RECORDS FOR THE EXERCISE ->
==*==

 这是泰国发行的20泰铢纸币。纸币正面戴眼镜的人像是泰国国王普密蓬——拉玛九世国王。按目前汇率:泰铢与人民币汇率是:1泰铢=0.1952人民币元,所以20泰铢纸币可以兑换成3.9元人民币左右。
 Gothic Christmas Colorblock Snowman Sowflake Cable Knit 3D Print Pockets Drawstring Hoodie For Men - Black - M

==*==

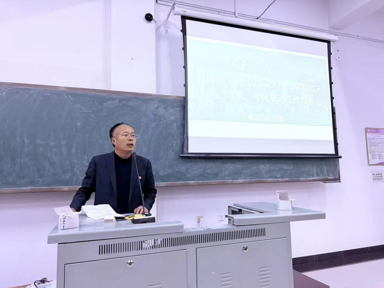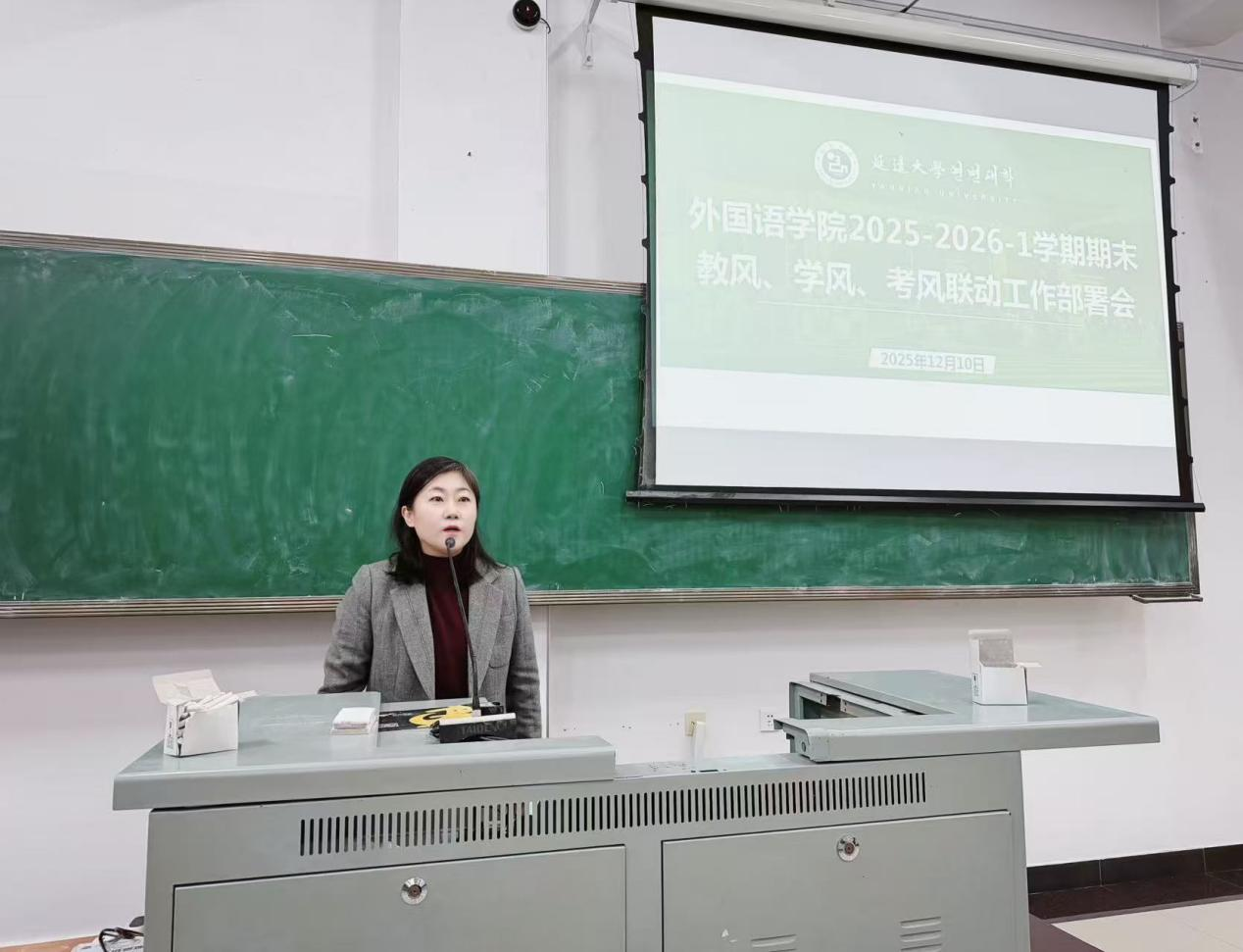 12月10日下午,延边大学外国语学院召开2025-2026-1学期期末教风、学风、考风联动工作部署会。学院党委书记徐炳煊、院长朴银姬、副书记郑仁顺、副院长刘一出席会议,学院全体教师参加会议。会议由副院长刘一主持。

==*==

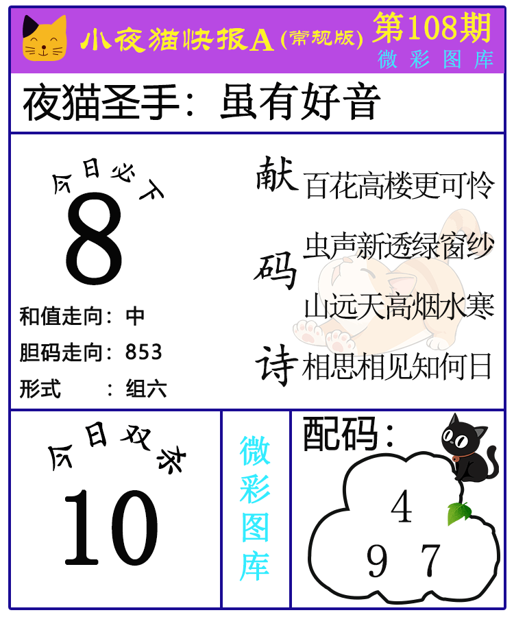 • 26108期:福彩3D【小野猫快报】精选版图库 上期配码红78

==*==

TASK DESCRIPTION -> Among the records above, extract exactly the lines from the line with "这是泰国发行的20泰铢纸币。" to the line with "Gothic Christmas Colorblock", both lines included, and leave out the rest.

RESULT OF THIS TASK ->
 这是泰国发行的20泰铢纸币。纸币正面戴眼镜的人像是泰国国王普密蓬——拉玛九世国王。按目前汇率:泰铢与人民币汇率是:1泰铢=0.1952人民币元,所以20泰铢纸币可以兑换成3.9元人民币左右。
 Gothic Christmas Colorblock Snowman Sowflake Cable Knit 3D Print Pockets Drawstring Hoodie For Men - Black - M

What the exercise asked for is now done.